Location: Location not imported yet.Title: Role of cyanogenic glycosides in the seeds of wild Lima bean, Phaseolus lunatus: Defense, nutrition or both?
|CUNY, MAXIMILIEN - Neuchatel University - Switzerland|
|LA FORGIA, DIANA - Gembloux Agricultural University|
|DESURMONT, GAYLORD - European Biological Control Laboratory (EBCL)|
|GLAUSER, GAETAN - Neuchatel University - Switzerland|
|BENREY, BETTY - Neuchatel University - Switzerland|
Submitted to: Planta
Publication Type: Peer Reviewed Journal
Publication Acceptance Date: 6/19/2019
Publication Date: 6/25/2019
Citation: Cuny, M.A., La Forgia, D., Desurmont, G., Glauser, G., Benrey, B. 2019. Role of cyanogenic glycosides in the seeds of wild Lima bean, Phaseolus lunatus: Defense, nutrition or both?. Planta. 250, 1281-1292. https://doi.org/10.1007/s00425-019-03221-3.

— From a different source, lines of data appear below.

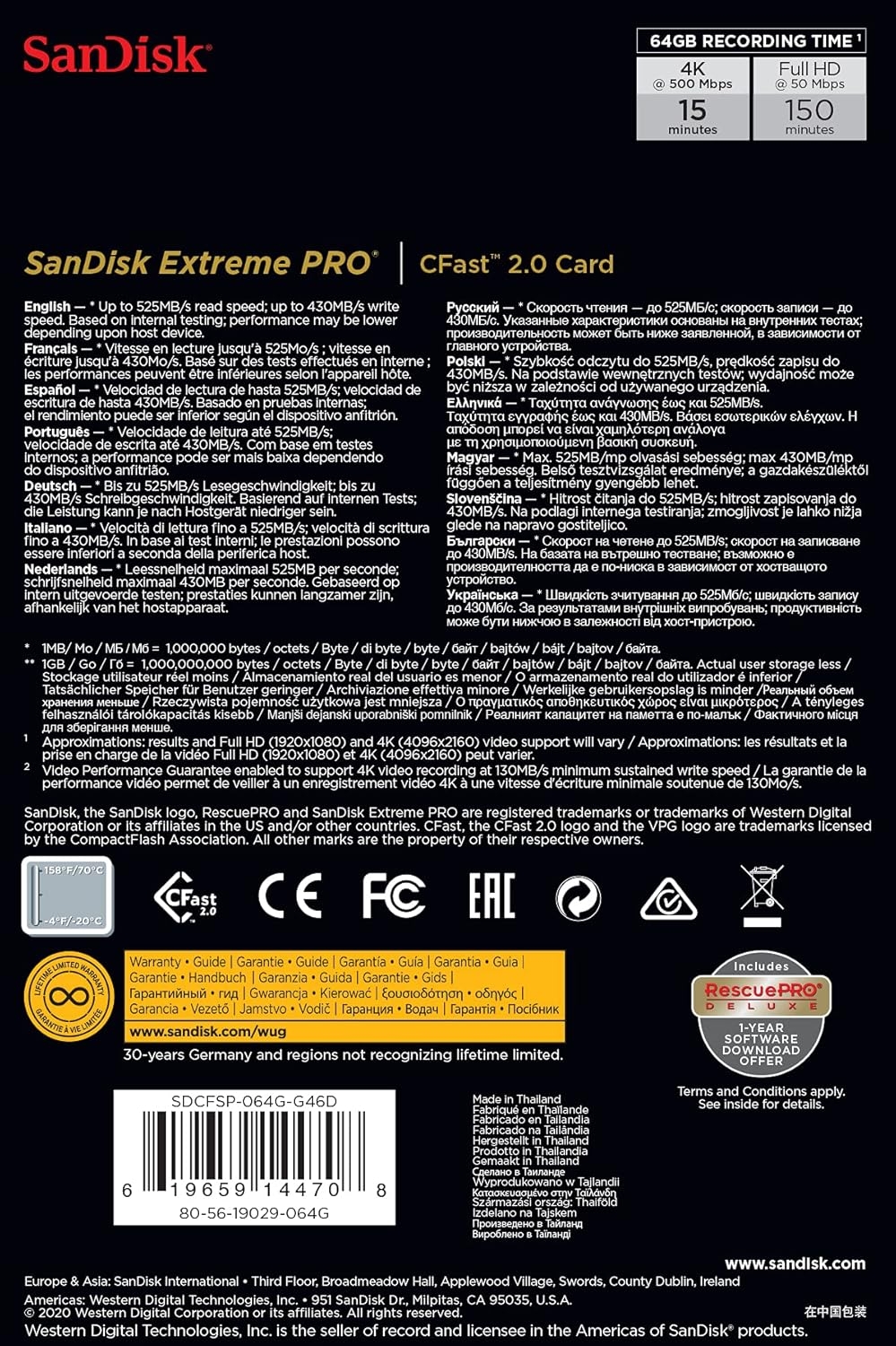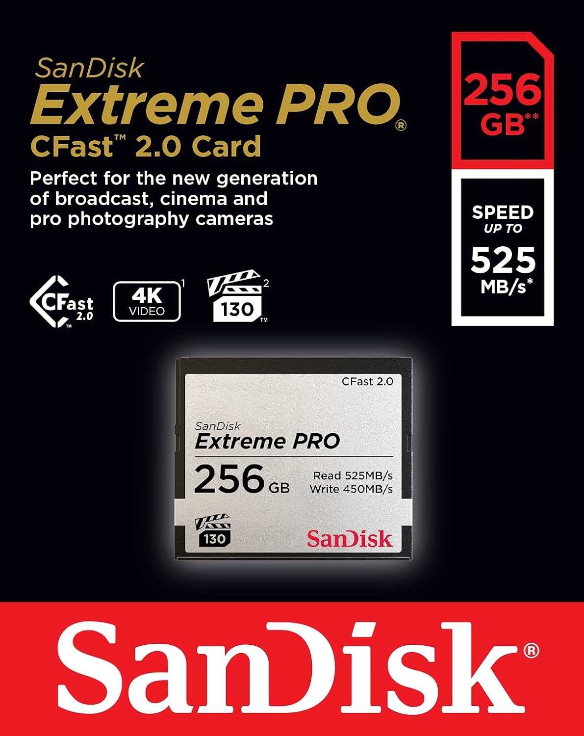 The SanDisk Extreme PRO CFast 2.0 memory card delivers the high performance that broadcast, cinema, and photography professionals demand today. The card features a Video Performance Guarantee of 130MB/s (VPG 130)(4) which enables cinema-quality 4K video recording (4096x2160p)(1). And its write speeds of up to 450MB/s* and data transfer speeds of up to 525MB/s* provide extreme workflow efficiency. Our second generation CFast card, the SanDisk Extreme PRO CFast 2.0 memory card was designed in collaboration with leading-edge camera manufacturers to assure an exceptional user experience from the first shot.|* Up to 525MB/s read speed; up to 430MB/s write speed. Based on internal testing; performance may be lower depending upon host device. 1MB=1,000,000 bytes.|(1) 4K video (4096x2160p) support may vary based upon host device, file attributes and other factors.|(4) Video Performance Guarantee enabled to support cinema-quality 4K video recording at 130MB/s minimum sustained write speed.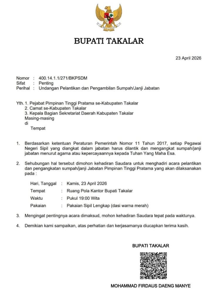 TAKALAR| SNIPERTUNTAS. COM –Gerbong mutasi di lingkungan Pemerintah Kabupaten Takalar kembali bergerak. Malam ini, Kamis (23/4/2026), Bupati Takalar, Mohammad Firdaus Daeng Manye, dijadwalkan akan melantik dan mengambil sumpah jabatan sejumlah Pejabat Pimpinan Tinggi Pratama.
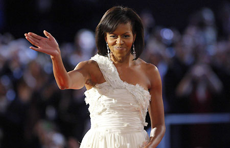 Updated: 2009-01-21 10:43 WASHINGTON -- First lady Michelle Obama chose a white chiffon one-shoulder gown for a series of balls celebrating the inauguration of her husband.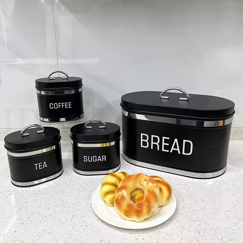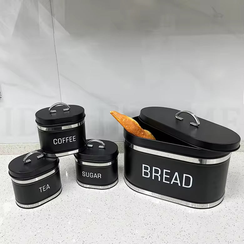 Elevate your kitchen with this elegant 4-piece metal food canister set. Crafted from durable stainless steel with airtight seals, these canisters combine timeless style with practical functionality to keep your ingredients fresh and your countertops organized.
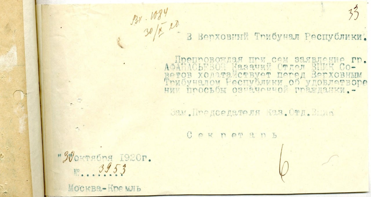 Казачий отдел ВЦИК — особая структура при центральной большевистской власти, которая отвечала за взаимодействие с казаками и работу на традиционных казачьих землях, — 30 октября 1920 года ходатайствовал перед Верховным трибуналом республики удовлетворить поступившую в Москву просьбу гражданки Афанасьевой. Одним из направлений работы отдела было посредничество между казаками и разными советскими органами по самым различным поводам. Это могла быть просьба на получение какого-нибудь пособия или пайка, отпуск канцелярских принадлежностей местным учреждениям (в условиях военного коммунизма и глубокой разрухи такие вопросы также необходимо было решать через Москву), однако приходилось – и, вероятно, нередко — работать и с просьбами, подобным тем, что поступила от гражданки Афанасьевой. Она просила выдать ей тело расстрелянного мужа.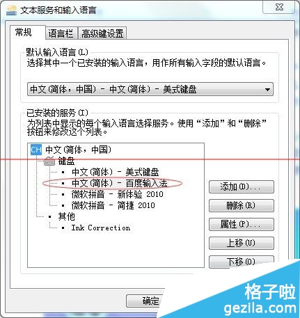3、在彈出的窗口中,通過“上移”“下移”調整輸入法順序,將你習慣的輸入法提前。比如我用的百度輸入法,提前了。一般調整到第二位即可。以保持默認的輸入狀態。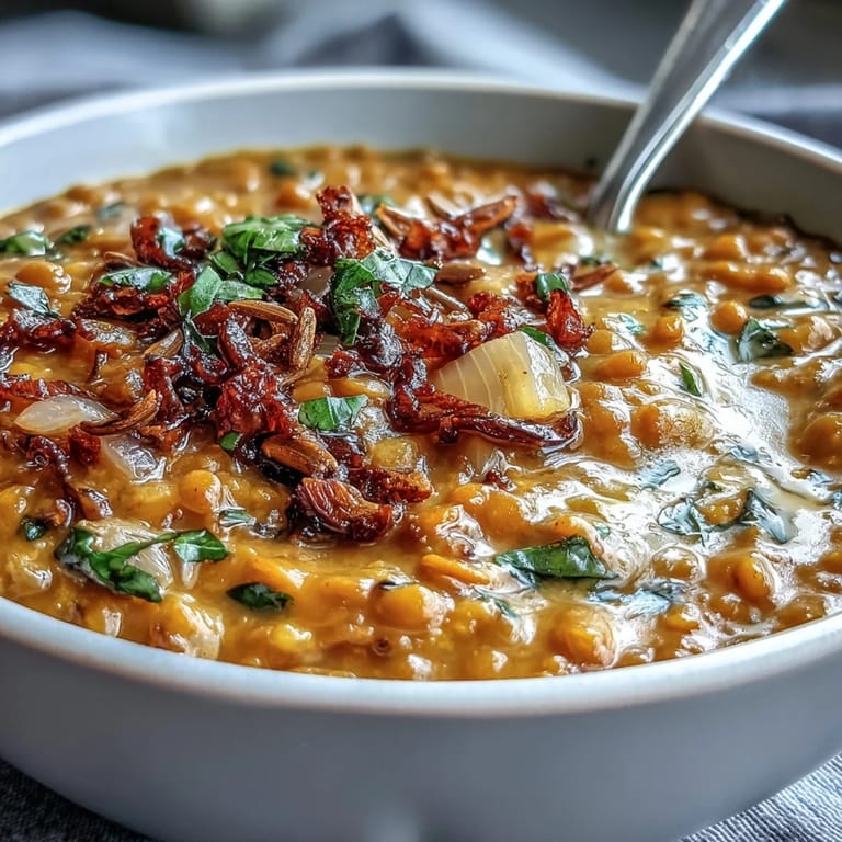 Pin It My neighbor brought a thermos of dhal to my door on a gray November afternoon, steam rising from the lid as she explained it was her grandmother's recipe, simplified for weeknight cooking. That first spoonful—earthy lentils brightened by lemon, the warmth of ginger sitting on my tongue—made me understand why she'd driven across town to share it. I've since made it dozens of times, each batch a little different depending on what's in my spice cabinet or how much heat I'm craving. The roasted cauliflower was my own addition, born from a Sunday when I had leftover florets and wanted something golden alongside the creamy dhal.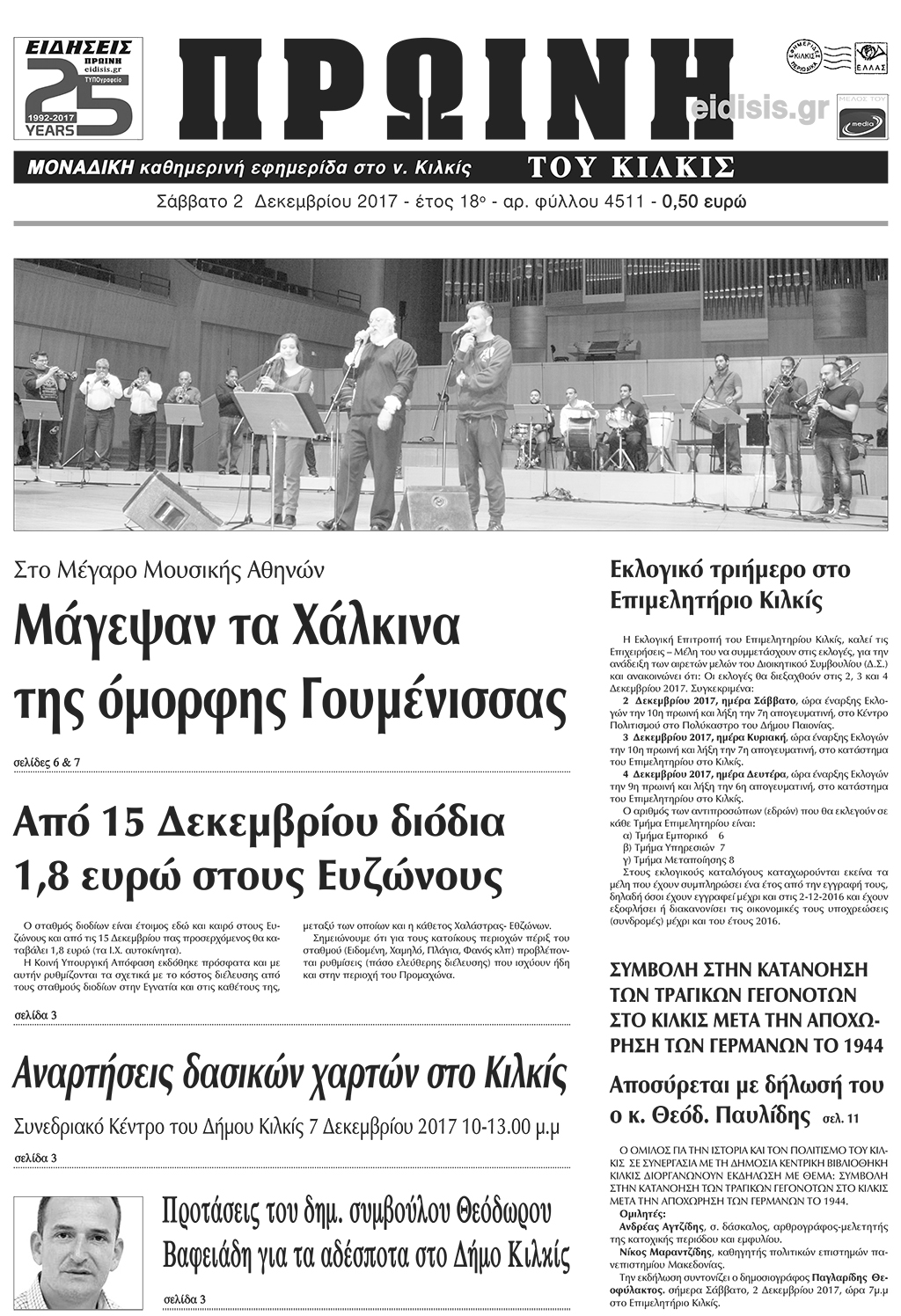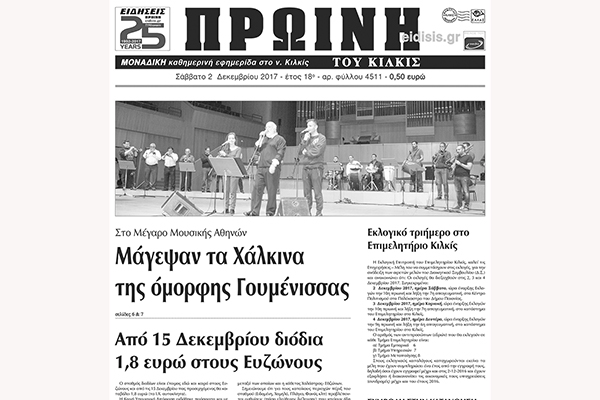 Διαβάστε το νέο πρωτοσέλιδο της Πρωινής του Κιλκίς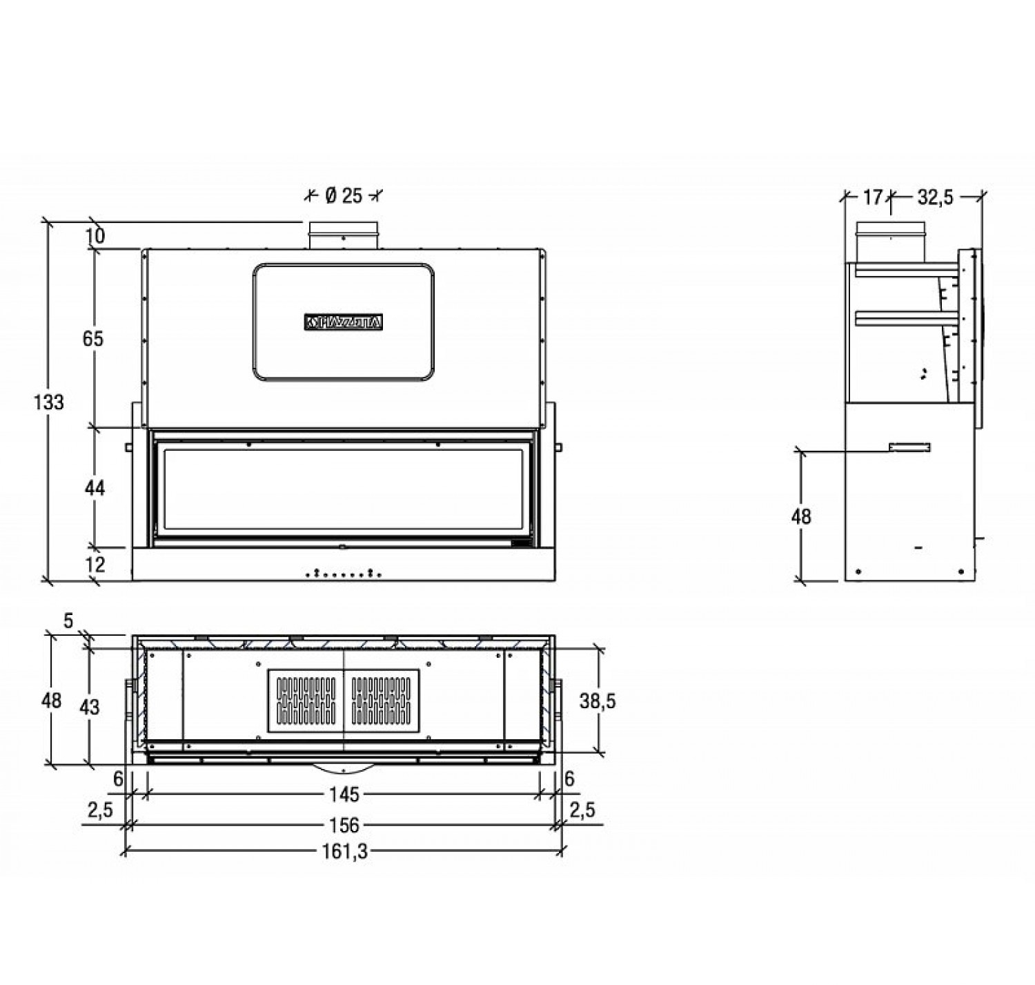 Каминная топка PIAZZETTA MА 265 SL произведена в Италии.
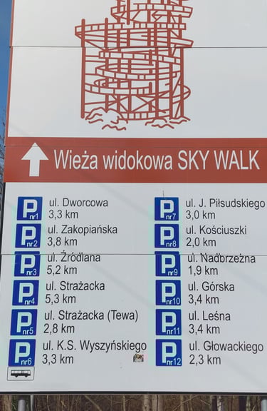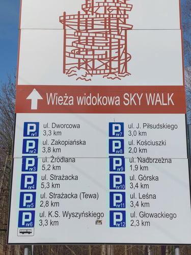 Taigi, teko ieškoti kuo artimesnio parkingo. Artimiausias yra Pamiątki pod Wieżą SKY Walk C - bliżej nie będzie! (Suvenyrai prie „SKY Walk C“ bokšto – arčiau jau nebeįmanoma!). Deja, parkinge apmokėjimas tik grynais – 30 PLN nepriklausomai nuo stovėjimo laiko. Tačiau nuo čia pakilimas - tik nepilni 70 metrų. Nuo parkingo dalis tako eina lyguma, bet paskutiniai 50 metrų - tai stati akmenuota įkalnė. Patogi avalynė labai praverstų. Tačiau pasiekus bokštą visi sunkumai pasimiršta, o statinio didingumas tiesiog užburia. Bokšto pagrindas - maždaug 630 m virš jūros lygio (aplinkiniai kalnai aukštesni, apie 1100 m). Pats bokštas 65 metrų aukščio, stiklinė apžvalgos aikštelė - 62 metrų aukštyje, tako ilgis 850 metrų. Tako pakilimas visai nestatus ir galima palengva eiti į viršų.
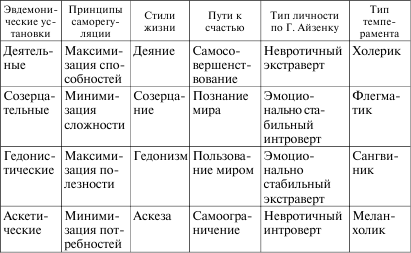 По соответствию между эвдемоническими установками и характеристиками поведения и темперамента личности выделяется типология стилей жизни (А.Кронин, Р.Ахмеров, 2003 г.): деятельность, созерцание, гедонизм и аскеза.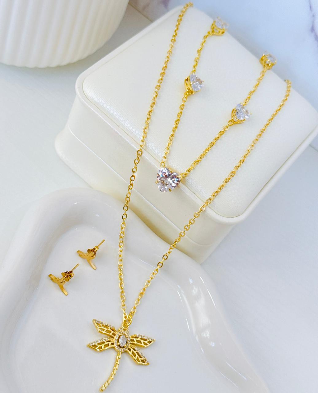COLLAR Y ARETE DOBLE CAIDA LIBELULA Y CORAZON CRISTAL
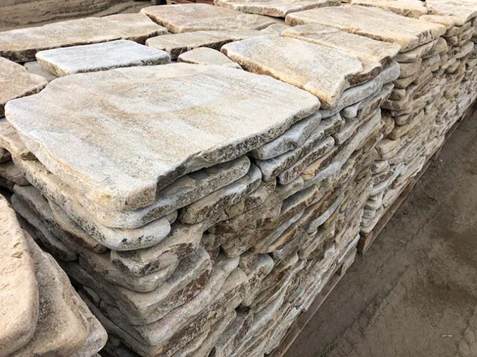 ИП Сидорова Е.В. продает бело-желтый галтованный песчаник, добываемый в Ростовской области. Толщина этого природного камня варьируется от 2 до 5 сантиметров.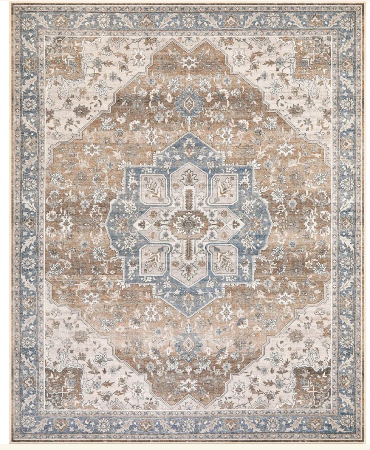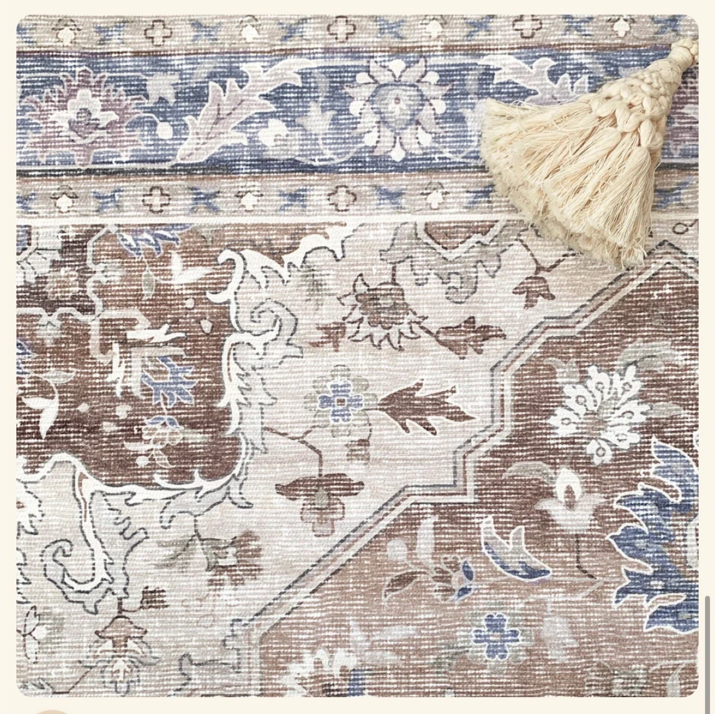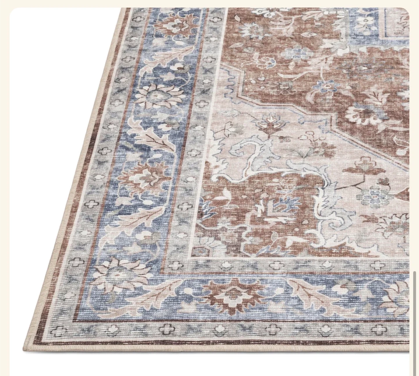 Selling an Amara area rug in coral and blue tones. It's in great shape and would look lovely in any living space! The rug features a beautiful design that adds a touch of elegance to any room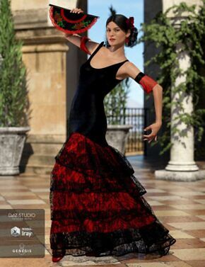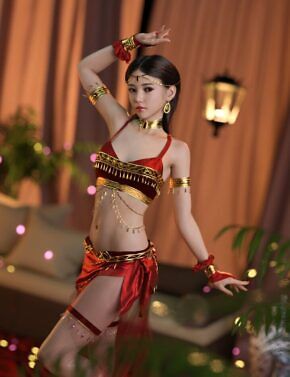 dForce Fantasy Dancer Outfit and Poses For Genesis 8 Female(s) is a complete outfit of several pieces (fantasykini, armbands, anklets, and skirt) that can be used independently, with 10 poses included, and many materials to choose for each part, including hide options, so you can customize it completely.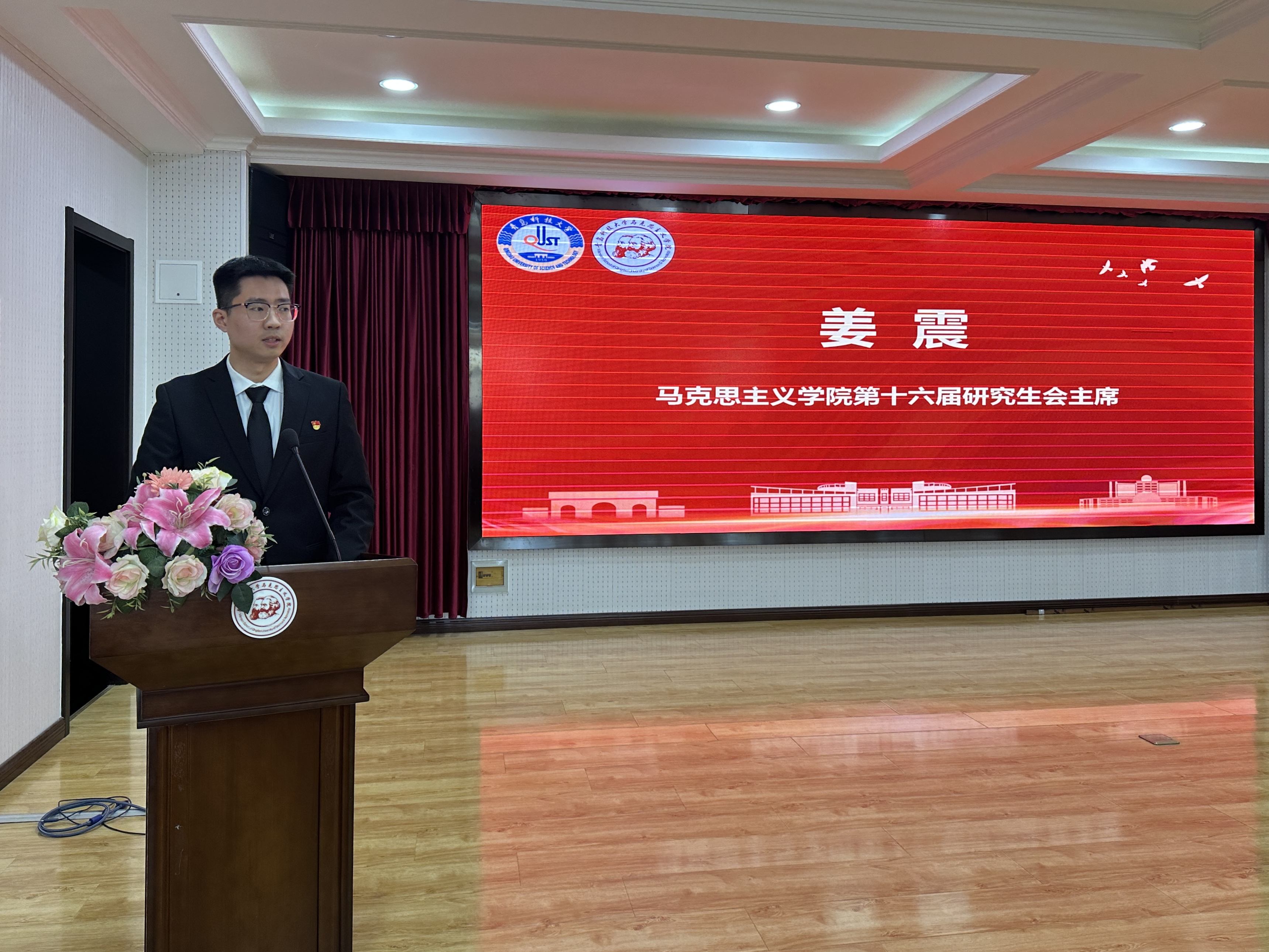 第十六届研究生会主席姜震代表第十六届研究生会作工作报告,并勉励新一届研究生会成员们团结一心,共铸新辉煌!

Interpretive Summary: Plants produce a wide range of toxic compounds to defend themselves against herbivores. Some of these compounds can also be used to store nitrogen, which can help plant's growth. Here we investigated the functions of cyanogenic glycosides (CNGs), a class of chemical compounds known for their anti-herbivores proprieties, in the lima bean. We used different populations of lima bean that have low and high levels of CNGs in their seeds and a caterpillar with a broad host range as a model herbivore. Results showed that these compounds protect lima bean plants against caterpillars when seedlings are very young (cotyledon stage) but do not seem to play to promote plant growth.
Technical Abstract: Wild lima bean plants contain cyanogenic glycosides (CNGs) that are known to defend the plant against leaf herbivores. However, seed feeders appear to be unaffected despite the high levels of CNGs in the seeds. We investigated a possible role of CNGs in seeds as nitrogen storage compounds that influence plant growth, as well as seedling resistance to herbivores. Using seeds from four different wild lima bean natural populations that are known to vary in CNG content we tested two non-mutually exclusive hypotheses: 1) seeds with higher CNG levels germinate better and produce plants that exhibit better growth, and 2) seeds with higher CNG levels produce seedlings that are more resistant against generalist herbivores. Seed CNG content did not correlate with germination rates, nor with seedling growth. However, CNG concentrations increased significantly soon after germination and seeds with the highest CNG concentrations produced seedlings with a higher CNG content in cotyledons and secondary leaves. Moreover, the growth rate of the generalist herbivore Spodoptera littoralis was lower on cotyledons with high CNG content. We conclude that CNGs in Lima bean seeds do not play a role in plant growth, but they may contribute seedling defense. To our best knowledge, this is the first study that examines the potential dual role of cyanogenic glycosides in defense and early plant development in wild lima bean.